# $200.00 for....



## JayL1967 (Apr 30, 2002)

....one KYB Gr2 (strut)?.....Yes is right ....I was looking for some struts for my car and midas got the KYB Gr2 ..... $200.00 EACH..... I ordered them from tirerack and paid $57.00 each (includding shipping Fedex 2 day)


----------



## jayrok (May 25, 2002)

Sounds like you got yourself a great deal. Cool. Let us know how they ride.


----------



## JayL1967 (Apr 30, 2002)

jayrok said:


> Sounds like you got yourself a great deal. Cool.

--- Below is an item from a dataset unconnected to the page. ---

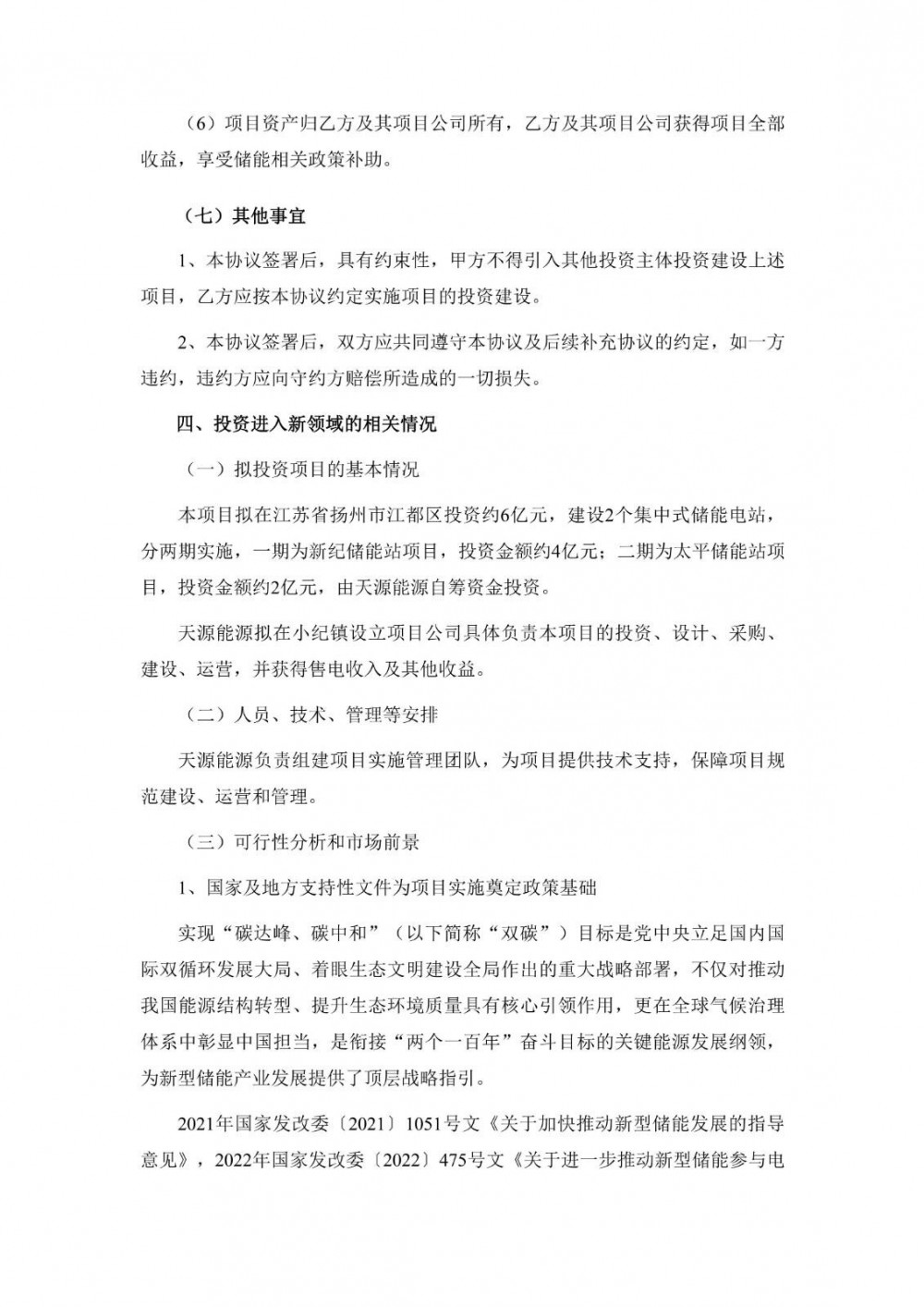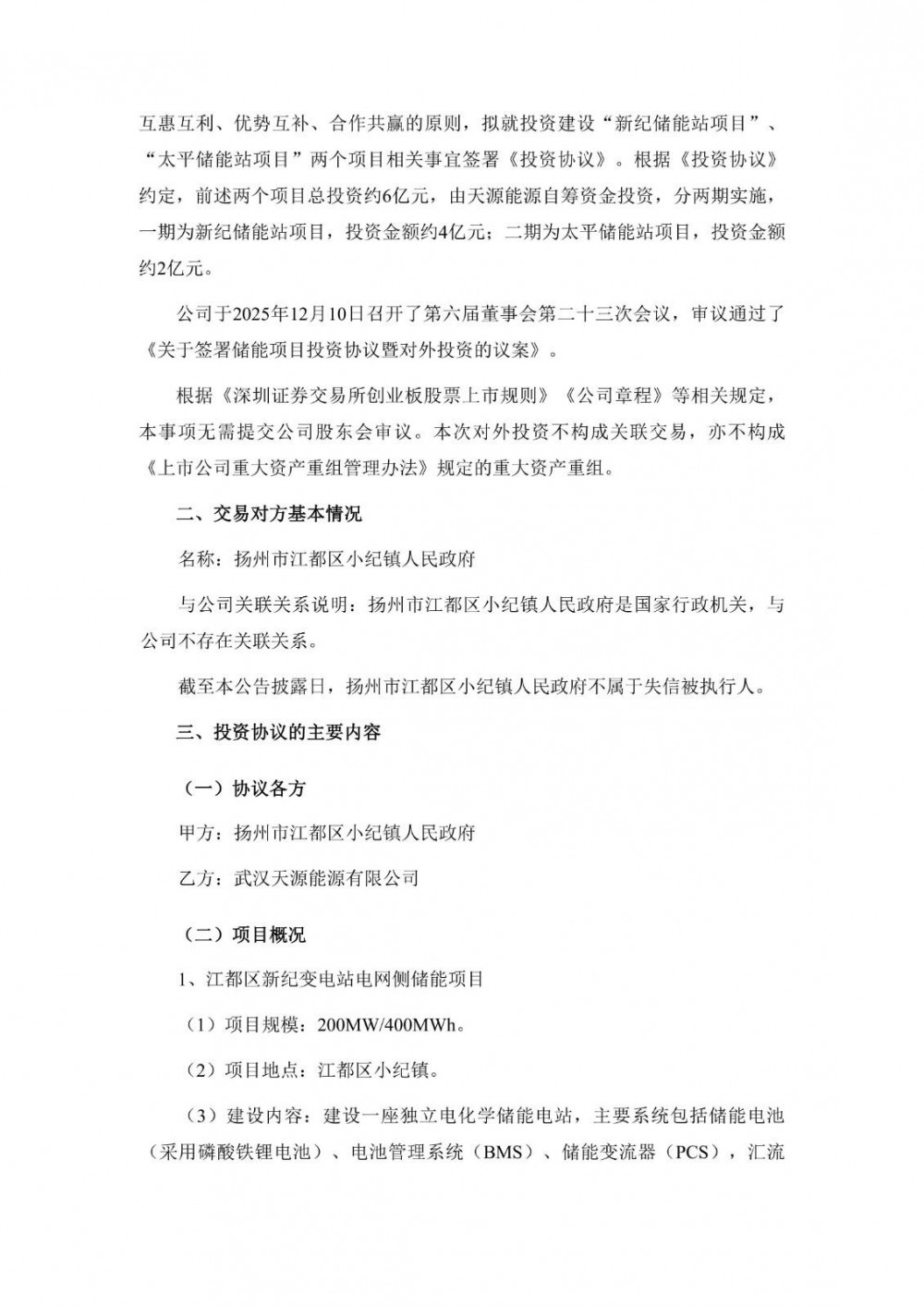 12月10日,武汉天源发布公告称,公司控股子公司武汉天源能源有限公司与扬州市江都区小纪镇人民政府拟就投资建设“江都区新纪变电站200MW/400MWh电网侧储能项目”、“太平变电站100MW/200MWh电网侧储能项目”签署《投资协议》,前述两个项目总投资约6亿元。

Let us know how they ride.


The ride very good I can't complaint....good struts


----------



## jayrok (May 25, 2002)

What spring setup do you use?


----------



## JayL1967 (Apr 30, 2002)

jayrok said:


> What spring setup do you use?


Eibach sportlines


----------



## danifilth (May 14, 2003)

What do you think of the sportlines?Did you ever try the Pro-Kit?


----------



## JayL1967 (Apr 30, 2002)

danifilth said:


> What do you think of the sportlines?Did you ever try the Pro-Kit?


My first suspension set-up was pro-kit no bad ...but the fender gap was huge.....sportlines same ride quality like the pro-kit ....For me the difference between the pro and sport is 1.5"pro-kit 1.9"sportlines
This is just my opinion


----------



## danifilth (May 14, 2003)

good to know but too bad they dont make those sportlines for us B13ers


----------



## whiteb14 (Jul 7, 2002)

hey jay... how are the GR2's holding out with a 2 inch drop??


----------



## JayL1967 (Apr 30, 2002)

whiteb14 said:


> hey jay... how are the GR2's holding out with a 2 inch drop??


I don't have a 2" inch drop....looks like 1.5" drop.....I cant complaint...everything Ok....


----------